Efficiency of architecture search methods

This paper compares the performance of network search methods, mainly reinforcement learning method (RL) and random search method (RS). For the best networks, the accuracy of RL search is 1% higher than that of RS overall, while for the overall performance (such as top-5 and top-25), the two methods are close. Therefore, the paper considers that although RS is a feasible search strategy, RL performs better in NASNet search space

CONCLUSION


Based on the previous research on neural network architecture search using reinforcement learning, the paper transformed the search space from the whole network to the convolution unit (cell), and then stacked into a new network NASNet according to the setting.
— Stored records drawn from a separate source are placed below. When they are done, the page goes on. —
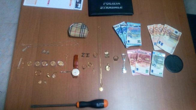 Dagli accertamenti si è poi scoperto che gli oggetti in oro altro non erano che il bottino di un furto consumato nel medesimo pomeriggio in una abitazione poco distante dal luogo in cui è stato arrestato. Tutta le refurtiva, riconosciuta dai legittimi proprietari, è stata a loro restituita.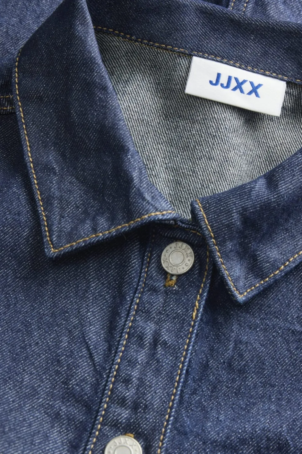 Mørkeblå denimkjole fra Jjxx med skjortekrave og brystlomme. Den har knapper hele vejen ned og korte ærmer.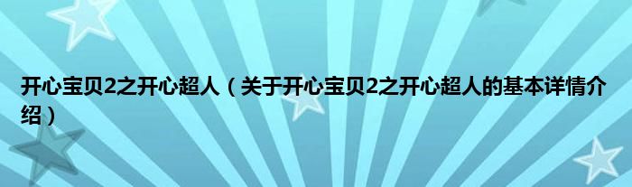 本文关于开心宝贝2之开心超人的基本详情介绍就讲解完毕,希望对大家有所帮助。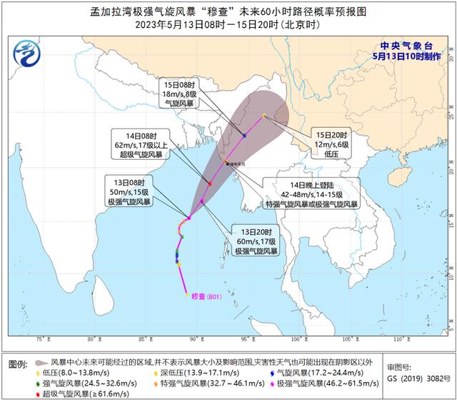 大风预报:13日至14日,孟加拉湾中部和东北部海面、缅甸西北部沿海、孟加拉国东部沿海将有9~11级大风,部分地区或海域风力可达12~14级,“穆查”中心经过的附近海面或地区的风力有15~17级,阵风17级以上。
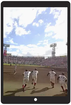 タブレットをグラウンドにかざすと、その場で第100回全国高等学校野球選手権記念大会決勝戦の360°映像を体験することができます。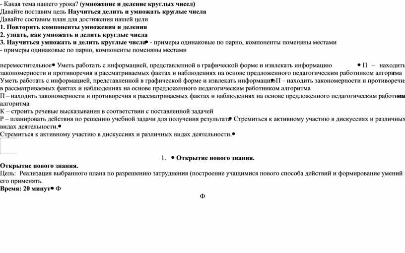 - рассмотрите примеры - Что вы видите особенного? Все выражения разные? -Какое свойство умножения помогло нам найти значение выражений во второй строке? - Какое свойство помогло составить выражения в третьей и четвертой строке? (если произведение разделить на один из множителей, то получиться второй множитель) - Какие числа встречаются в этих выражениях чаще? Круглые - какие действия мы соверашем с этими числами? - Какая тема нашего урока? (умножение и деление круглых чисел) -Давайте поставим цель Научиться делить и умножать круглые числа - Давайте составим план для достижения нашей цели 1. Повторить компоненты умножения и деления 2. узнать, как умножать и делить круглые числа 3. Научиться умножать и делить круглые числа |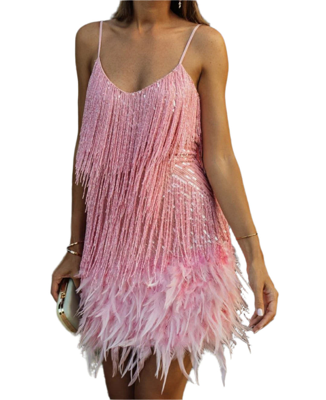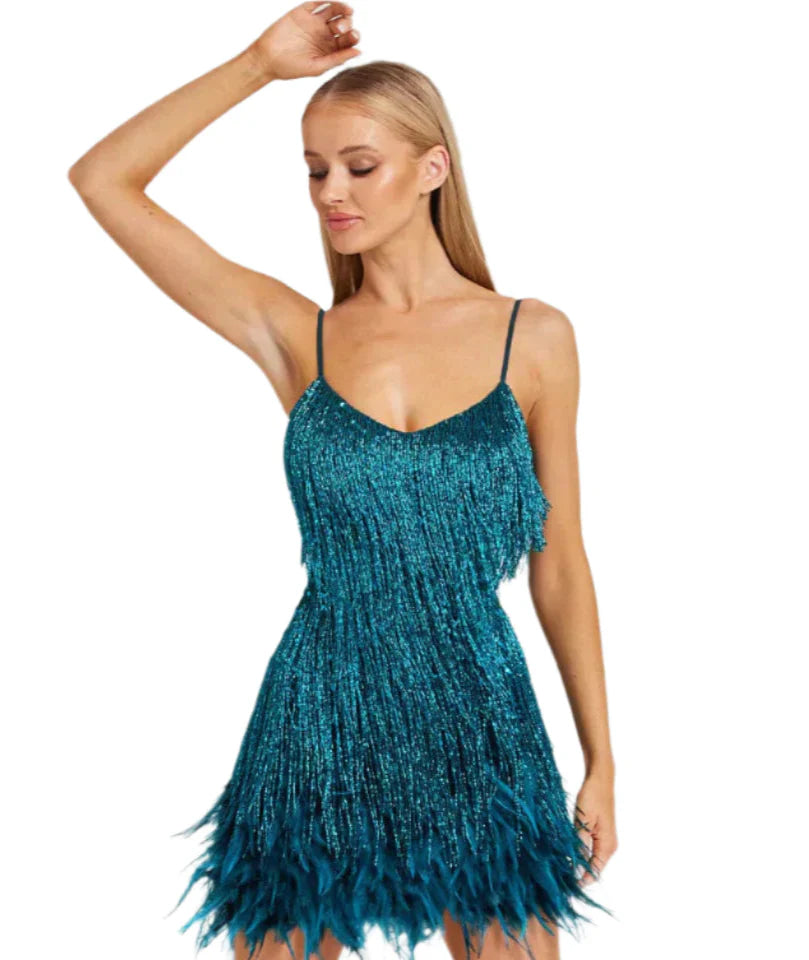 Clarisse | Robe Mini Glamour Avec Franges Et Plumes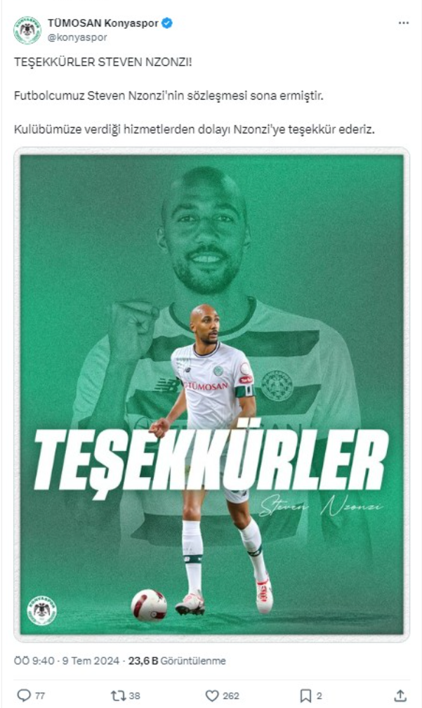 Konyaspor, 2023-2024 sezonunda transfer ettiği ve sözleşmesi sona eren Fransız orta saha oyuncusu Steven Nzonzi'ye veda etti. Yeşil-beyazlı kulüp, Nzonzi'nin takımdan ayrılmasının ardından resmi açıklama yaparak teşekkürlerini iletti.

Not only reduces the complexity of the search, accelerate the search process, from the original down to four days, 28 days and the structure of the search out has the scalability, respectively in the small model and big scenarios can use less quantity and amount of calculation to surpass the human design model, achieve SOTA in addition, due to the clever design of the search space and model structure, In this way, the structure learned from small data sets can be transferred to large data sets, and the universality is better. And the performance of this network in the field of target detection is also quite good

   

Appendix NASNet-B & NASNet-C

There are two other structures in the paper, NASNET-B and NASNET-C, whose search space and methods are somewhat different from NASNET-A. If you are interested, please refer to Appendix of the original text





If this article is helpful to you, please click a like or watch it. For more content, please follow the wechat public account.